I had to suffer the Friday at school, hoping that I wouldn't bump into her. I knew that because Geography was the only lesson we shared, the only risk of our paths crossing would be in between lessons. During the morning break, I saw her going into one of the school buildings. The crippling mortification I had felt when cycling to school that morning waned to mere shame with just that brief sighting.
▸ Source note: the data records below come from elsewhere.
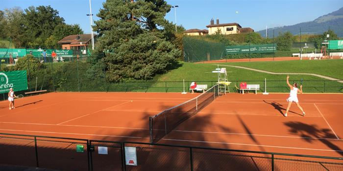 Spiele auf einer der schönsten Tennisanlagen der Schweiz. Die Allwetterplätze ermöglichen die eine lange Sandplatzsaison.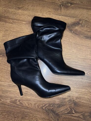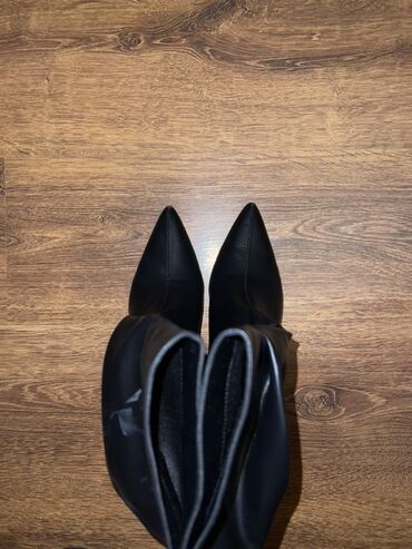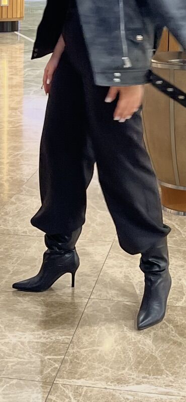 Qadın dizə qədər qara çəkmə - Model: iti burunlu, kəsik dabanlı (qalın, stabil kvadrat formalı yüksək daban) - Rəng: qara - Material: hamar dəri görünüşlü üstlük - Detallar: bilək hissəsində dekor...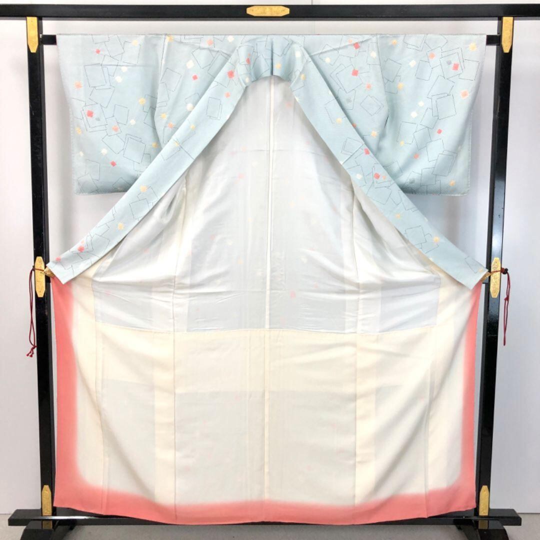 小紋 絞り柄 四角模様 青白磁色 K-5096 着物 きもの kimono 和服 和装 中古 リサイクル着物 【送料無料】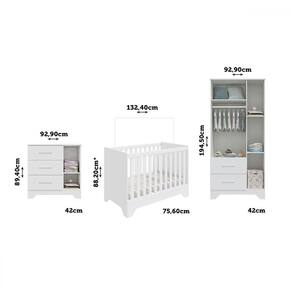 - Acompanha: 1 Guarda-Roupa, 1 Cômoda, 1 Berço, Kit Ferragens e Manual de Montagem
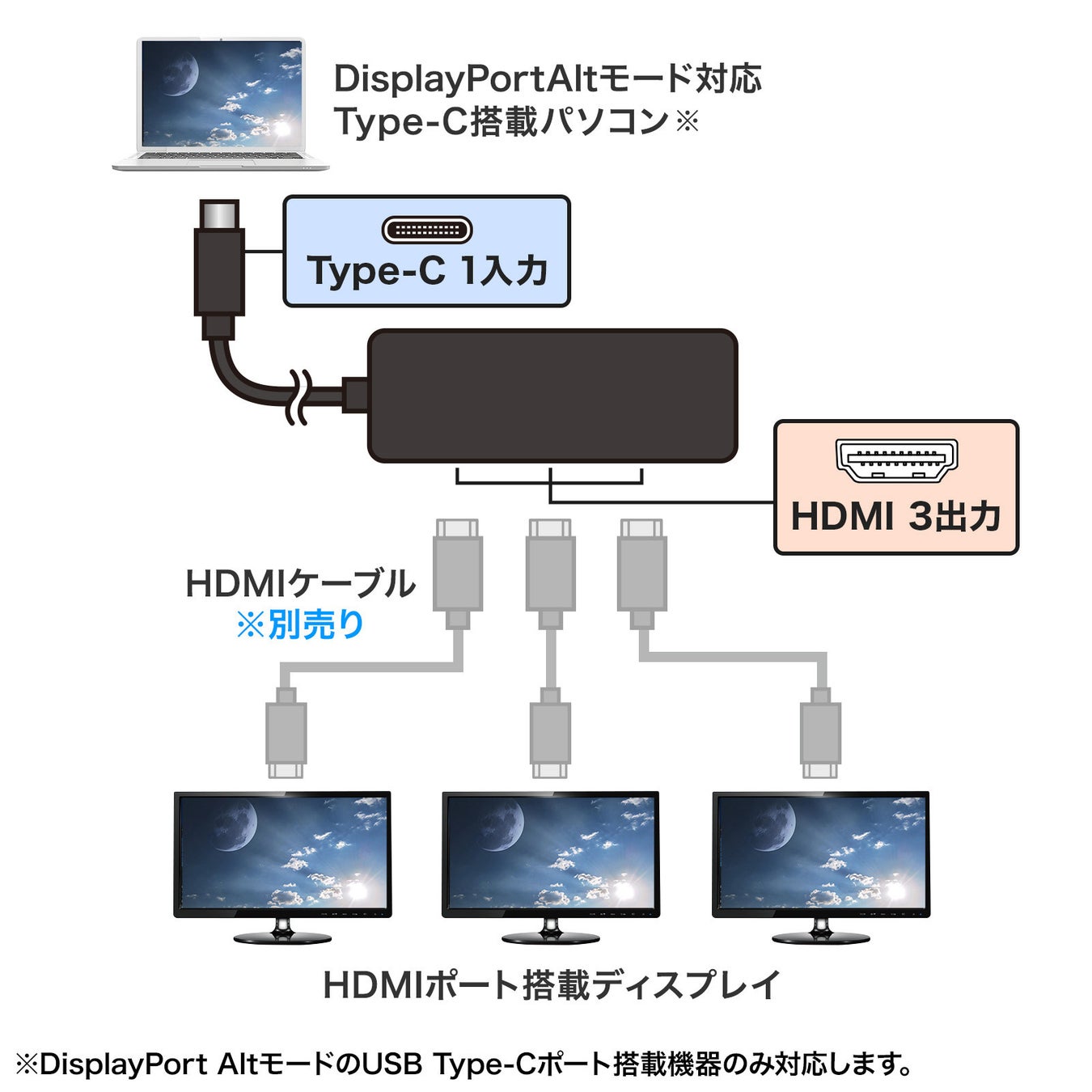 DisplayPort Altモードに対応したType-Cポートを備えたパソコンから、最大3台のHDMIディスプレイやテレビなどへ映像・音声を出力できます。ドライバなどのインストールは不要で、接続してすぐに使用できます。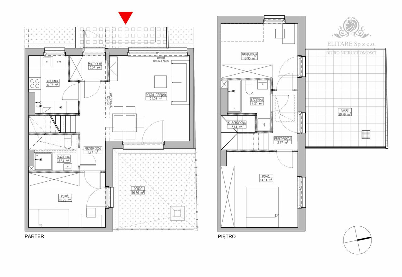 STREFA NOCNA na piętrze to 2 oddzielne pokoje o pow. 14,14m2 i 10,95m2, z korytarza oraz mniejszego pokoju wyjście na taras o pow.20,79m2, na tym poziomie mamy też drugą łazienkę z miejscem na wannę, toaletę, umywalkę i pralkę o pow.4,30m2.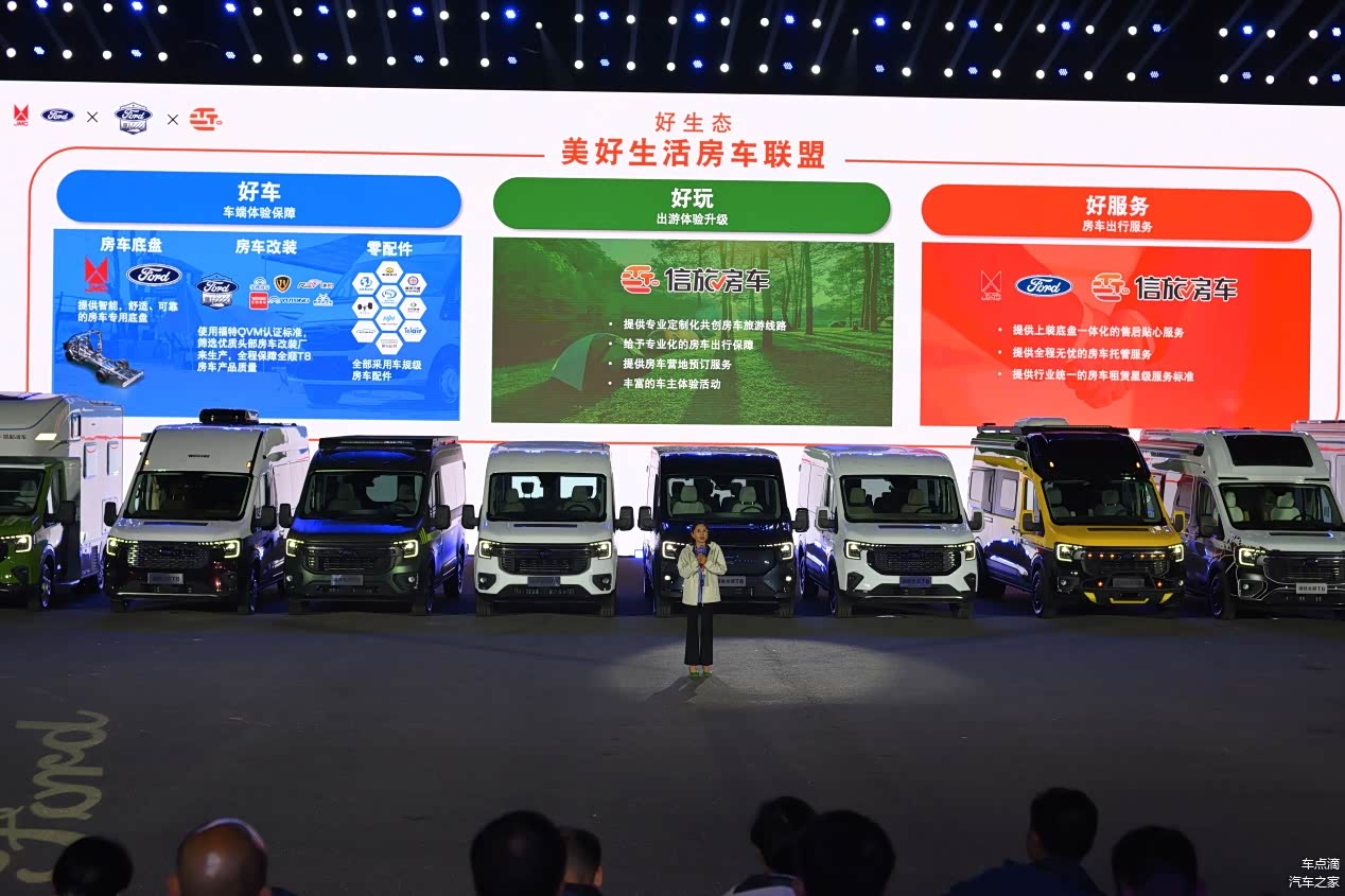 每款房车各具特色,为不同使用场景而生,提供用户个性化的场景解决方案。与此同时,江铃福特携手头部QVM认证改装厂、国内头部的房车零部件厂商和房车租赁企业信旅房车,共同开启“好车·好玩·好生态”美好生活房车联盟,打造全链路的出行生态,为热爱生活,向往美好生活的用户,构建完整的房车生态圈,让他们能玩的开心、舒心、安全。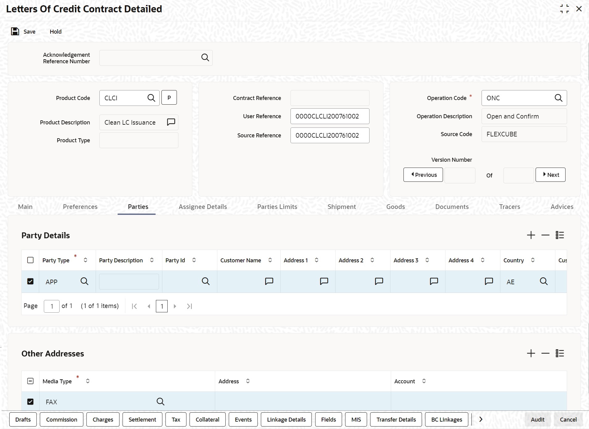 Customer Name If none of the parties in the LC is a customer of the bank, you must enter the CIF ID defined for the walk-in customer and give the details of one of the parties for it. The party type of the counterparty of the LC is defaulted based on the type of LC you are processing. If you process an import LC APP (indicating applicant) is defaulted. We can modify either APB or ACC for an import LC. So the accounting entires and advices will get generated for the counter party. If you process an export LC ‘BEN’ (indicating beneficiary) is defaulted. You can change the default.

I knew I couldn't approach her, not with shame like the Sword of Damocles itself hanging over me and that I must avoid her completely, which I managed to do by following her into the same building but through different doors. There, at the far end of the corridor sitting on some benches outside the English room was Angie. I yearned to go over and sit with her. The struggle between my shame and my aching to be with her, just to be in her company with her acknowledgement was driving me crackers. I tried to reason with myself. She didn't seem hurt, offended or put out in any way when I asked her on a date. It's highly likely she would've said no, no matter where I'd asked her to go with me. I came to the conclusion that I ought to go over and see how she reacts. I set off walking, but it felt awkward. My nerves had crept up on me unawares and now I was walking with somebody else's legs.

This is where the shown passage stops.